Komarek personnel can use the same control feature to show the customer how to repair the problem, essentially using the shared schematic as a road map to returning the machine to top working order.

When Phone/Email Don''t Work

"A lot of equipment issues are too complex or confusing to discuss by phone or email. You need to be able to look at a drawing and talk about it as if you were in the same room," says Komarek project engineer Fredi Dangoy.

"With Norlight''s Guardian Meeting Center, we can do that, eliminate the time and expense of sending a technician to the customer site, and most importantly, speed the process of resolving customers'' production problems," Dangoy says. "People don''t think of using web conferencing to troubleshoot remote equipment problems, but it works just as well as it does for sales webinars and training sessions that use Power Point slides."

Komarek is headquartered just outside Chicago in Elk Grove Village, IL. The manufacturers that use their machines are scattered from China, Malaysia, and Australia to Europe, South America, and Russia. The company has sales representatives in each region but no technicians outside of the U.S., except for a handful from a sister company in Europe.

When a customer reports an equipment glitch like a broken roll or roll seal, Komarek initially attempts to resolve it over the phone or by email. Many problems, however, do not lend themselves to resolution through either medium.

Phone intervention often fails because of the need to consult drawings as well as the language barriers inherent in dealing with international customers. Emailing illustrations can be equally problematic because some customers lack the software to read AutoCAD files, and because the PDFs of Komarek''s operating manuals are frequently too large to be accepted by the customer''s server or to be transmitted over Komarek''s T1 circuit.

In addition, Dangoy notes, discussing a diagram without interactive pointing and highlighting capabilities can cause misunderstandings that stymie problem diagnosis or repairs. "Someone might say they have a problem on the left side of a machine when they really mean the right side. That wastes time and can complicate problem resolution even further."

Setting Up a Meeting

Whenever a malfunction cannot be resolved by phone or email, Komarek turns to the Guardian Meeting Center service. Dangoy or another engineer can schedule a web meeting in advance or arrange it on the fly through the service''s online scheduling wizard. The service automatically issues email invitations to all designated individuals.
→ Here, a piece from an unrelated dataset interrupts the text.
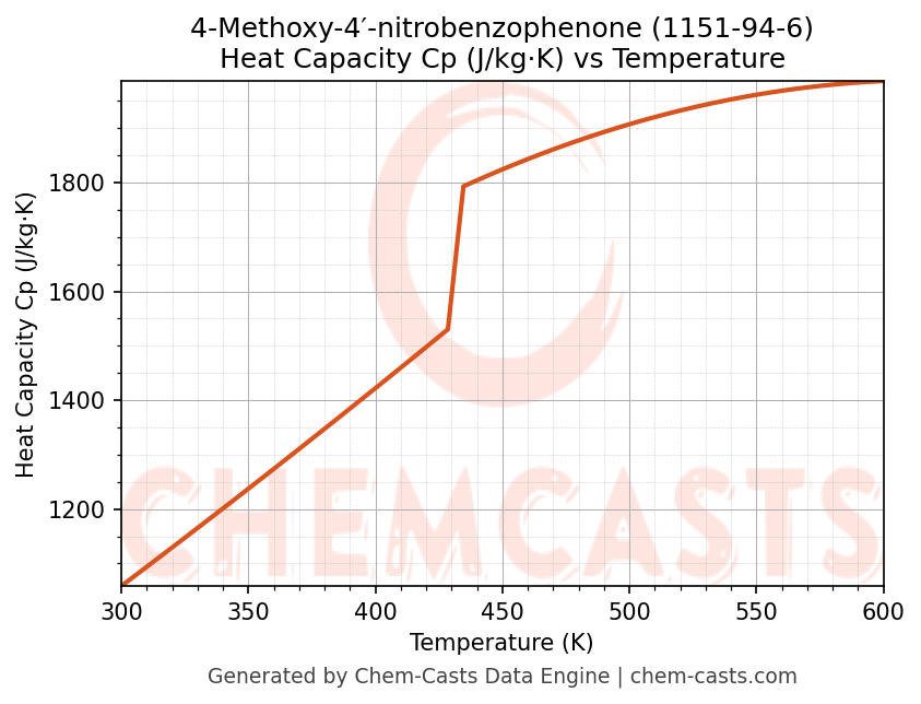 - Specific heat capacity (Cp) indicates the amount of energy required to raise the temperature of 4-Methoxy-4′-nitrobenzophenone and is critical for energy balance and heat-exchanger design.

At the appointed hour, the host retrieves the appropriate drawing from Komarek''s server for display on his own desktop. Then he activates the service''s "Share" feature from the Guardian Meeting Center''s web interface to enable transmission of the image to participants'' screens.
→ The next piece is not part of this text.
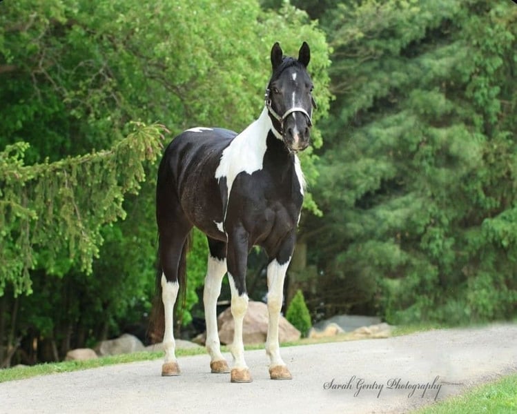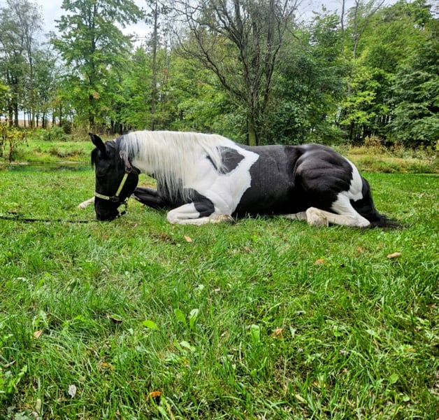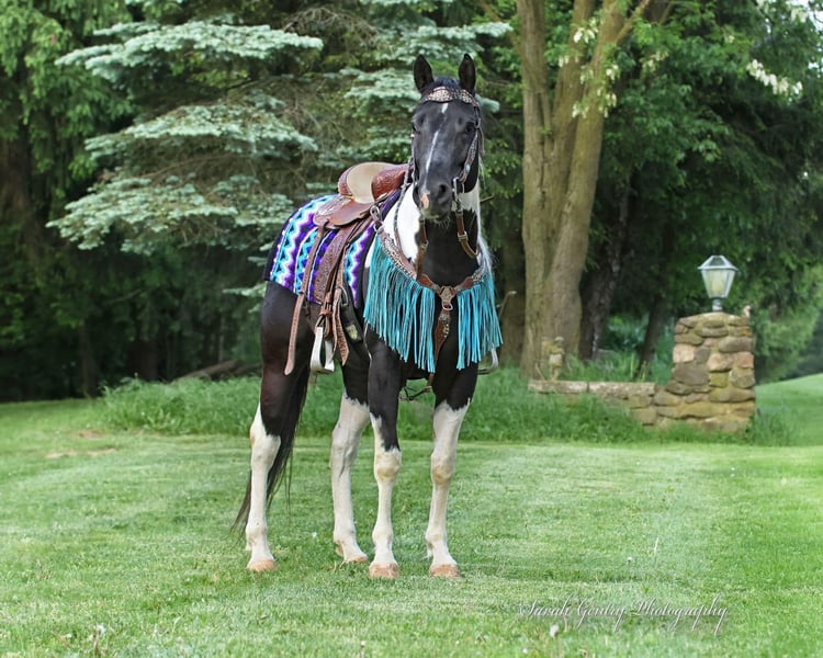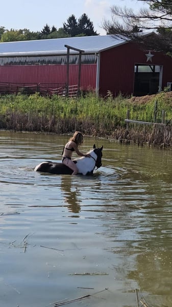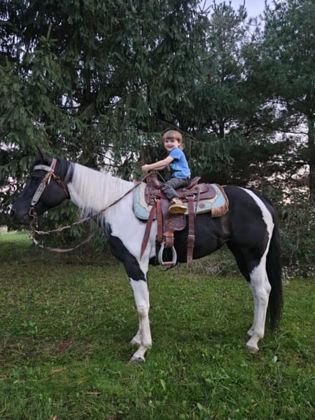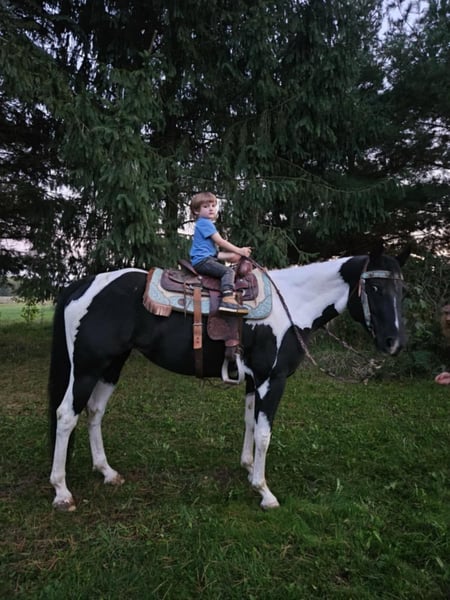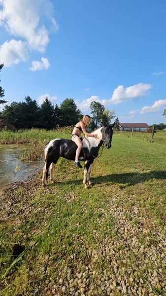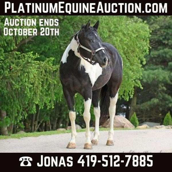ONLINE AUCTION Place your bids at www.PlatinumEquineAuction.com Starting Bid $3500 Auction ends October 20th, 2024 Need a new saddle? Check out White Rock Saddles on our website or Facebook! Breezin Tazzy Cat aka Sweet Pea is a 4 year old registered American Paint Horse with the kind of markings that never fail to turn heads anywhere that she goes. Taris Breezin Cat quickly earned her barn name (Sweet Pea) as she is truly one of the kindest, gentlest, and most willing mares that you will ever meet in your life, we can guarantee you that! Taris Breezin Cat aka Sweet Pea stands 14.2 hands high. Her sire is accomplished stallion Meradas Cat Alena and her grand sire is the one and only Cats Merada who boasts an overall LTE of 5 MILLION dollars! Sweet Peas dam is a 1D barrel horse that won her 2 year old futurity.(her dam was foaled in 1997) Mr. Star Breeze (her dams sire) has sired many horses that have been succesful in roping events, barrels, as well as poles. Sweet Peas has always been brought along in her riding journey slowly and correctly and we absolutely welcome a PPE at buyers expense. We also are more than happy to allow any serious buyers the opportunity to ride her themselves to see just how fabulous this mare truly is for yourself. She has been ridden extensively and will go in English tack, Western tack, or even bareback. Sweet Pea ois one of the smoothest moving mares that you will ever have the pleasure of swinging a leg over. This mare has been started slowly and correctly and has always been sound and will hold up a LOT LONGER AND BETTER than the horses that were pushed really hard as a 2 or 3 yo. She may only be 5 years old but this mare is one of a kind and always keeps her cool whenever she has been presented with anything new. She has been used in our lesson program and has shown her ability to adapt to just about and level or age of rider. This mare is the kind of horse to stop her all youve got to do is say the word whoah and sit in your seat and she will tuck her butt and come to a sliding stop. She also been ridden on the road as well as crosses bridges, obstacles, and tarps etc. Sweet pea is also trick trained and her tricks she can perform are laying down for mounting, bowing, as well as sitting down. She has participate in a 4 day 3 night trail ride where she put in 35 miles on the trails with varying levels of riders throughout the trip. She even rode from Pleasant Hill Lake Park all the way to Mount Geez and had to cross roads, rivers, and fallen limbs etc in order to make the ride. She is truly the definition of a push button style horse that goes in whatever direction you ask at whatever speed that you ask for. She also has very good verbal cues on the ground as well as under saddle. Our three year old son actually often gets her out of her stall and can lead her without issue. Sweet Pea has also been swam bareback through our pond and even into the deep end where she cannot touch. I was even amazed at just how quickly she was able to pickup riding completely bridleless through our obstacle course without any worry or concern. I also have to say that she has fantastic ground manners and also is started on some liberty work as well. She also has been over smaller jumps in English tack a handful of times and also has worked cattle a couple times as well. We have lots going on at our facility like tractors , cats, kids, dogs, side by sides, and even a back hoe and shes never been bothered by any of it. She has always had such a softness and quietness about her demeanor she truly is an old soul with the mind of a horse easily twice her age. We definately will miss having her with us because she often my go to for a variety of different jobs and activities and due to her safe nature and willing to please mindset. Sweet Pea is also fantatic about loading into a trailer, hauling new places, for the ferrer/vet, worming, as well as cross tying or standing on a highline overnight. She is on the middle of the totem pole when turned out with other horses and get along with every horse that we hvae introduced her to. Sweet Pea is extremely versatile and could go any direction such as staying a lesson horse, trick riding, Liberty work, Roping, Trail, Contesting, cutting and Penning, or even a super cute Hunter/Jumper. Sweet Pea has a current Coggins/Health certificate and we can help get you setup with a couple reputable haulers that are reasonably priced. We have a signed transfer through American Paint Horse Association so that buyer can get her transferred into their name as well. If you have any questions about Breezin Tazzy Cat aka Sweet Pea or would like to schedule a day to come meet and ride her at our facility in Ashland Ohio. Call or text Jonas Miller 419-512-7885. ONLINE AUCTION Place your bids at www.PlatinumEquineAuction.com Starting Bid $3500 Auction ends October 20th, 2024 Need a new saddle? Check out White Rock Saddles on our website or Facebook!

Once users have entered a meeting via the web, they are instructed to dial into the audio portion of the meeting from their regular telephones. In this way, the web conference becomes an audioconference as well.

The host can switch drawings, monitor the status of each participant, and transfer control to different users from the meeting control panel. While the moderator must download a browser plug-in to enable images to be shared, customers or other remote users need no additional software because they use the version on the presenter''s machine.
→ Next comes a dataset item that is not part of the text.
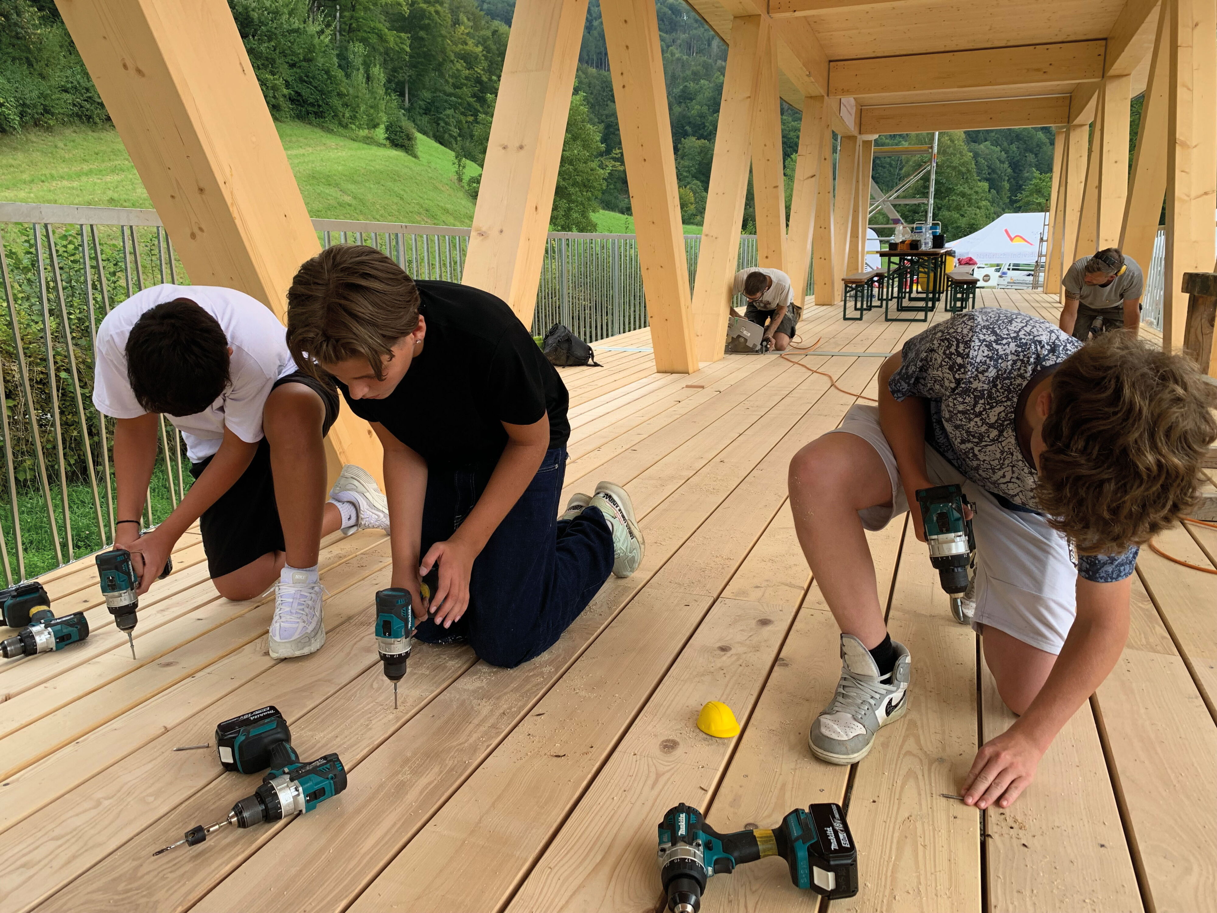 Wer hätte gedacht, dass der Zweitklässler aus Bauma souverän mit dem Akkuschrauber Bodenplanken der Brücke festschrauben oder Eisenteile zusammenschweissen kann? Wer hätte gedacht, dass das gemeinsame Bauen so viele Kindergesichter zum Strahlen bringt? Wer hätte gedacht, dass es möglich ist, Kinder in dieses Projekt zu involvieren? Ja, vielleicht zuschauen, aber auch mitmachen…? Ist das nicht zu aufwändig, zu riskant und zu kompliziert?

Komarek has also used the Guardian Meeting Center service to make minor design modifications to some of its machine drawings when engineers are working off-site. Any changes from a remote PC are automatically saved to the master drawing for use when the engineer returns to the office.

Another fringe benefit: protection of proprietary drawings. Since meeting participants cannot save the CAD files they view during a virtual meeting to their own desktop, they cannot then pass them on to anyone else.

But for Komarek and its customers, the real strength of Norlight''s Guardian Meeting Center service is its ability to be used as a remote troubleshooting tool. It''s not just the next best thing to being there. In many cases, it''s as good as being there.